Good points, and even "fanatical maximization" can backfire. Say there's a superintelligent AI linked to an objective function that gives it utility when it notices staplers. By a variant of the oracle problem, it can only know that the universe is tiled with staplers by observing that universe. But if the AI is superintelligent, it could just manipulate its sensors so that they send fake data of a universe full of staplers to it, thus providing maximum utility; and that is both less risky and takes a lot less effort than mucking about with nanofactories. The doomers may argue that the AI's programmers would keep it from doing so. But if people can make the AI understand that tricking the objective function by manipulating its sensors doesn't accomplish what's really intended, then they can also make the AI understand that tricking the objective function by killing humanity doesn't either. If lack of alignment perturbs benign goals into omnicidal goals, then by the very same logic, it also perturbs omnicidal goals into useless goals. It takes a very particular scenario for only the first perturbation to be possible.

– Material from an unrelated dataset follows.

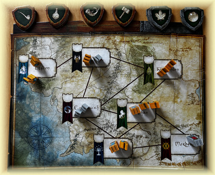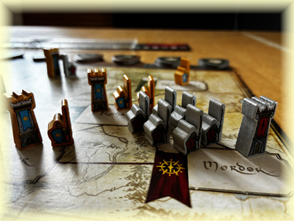 Spielerisch muss man hier zum Glück kein Kriegsspiel erwarten, es geht nur um die Präsenz in den verschiedenen Regionen. Stehen Einheiten von Sauron und den freien Völkern zusammen in derselben Region, tauschen diese sich gegenseitig ab bis nur noch eine (oder keine) Fraktion übrig ist. Ausgenommen sind nur Türme, die (fast) nicht entfernt werden können und auch mit fremden Türmen oder Einheiten in einem Feld stehen dürfen.

I am sympathetic but note that 'fanatical maximizer' is a bit ambiguous in a way that might be making your case seem a bit stronger than it is. One interpretation is 'takes absolutely every opportunity to maximize available, where it has the knowledge and reasoning capacity to work out that it's available'. But another is "takes maximizing actions that look fanatical from our perspective, because they do crazy damage (from our perspective) for (to us) trivial goals.' To kill humanity to make paperclips entails fanaticism in the second sense, but it doesn't require fanaticism in the first sense, but just that the AI take one particular maximizing opportunity that looks crazy to us (which is compatible with it passing up others.) Likewise, no humans have been fanatical maximizers in the first sense, but 'kill them so we can steal their resources' is definitely something humans have done: for example, European settlers to Native Americans. 'Kill them and take their stuff' requires only human levels of maxing and amorality. In that sense, it's unclear humans are a counterexample to the idea that training produces the bad sort of maximizers without oversight, because whether we're the bad sort of max-er or not is situation-dependent, not a property we have in zero or all realistic situations.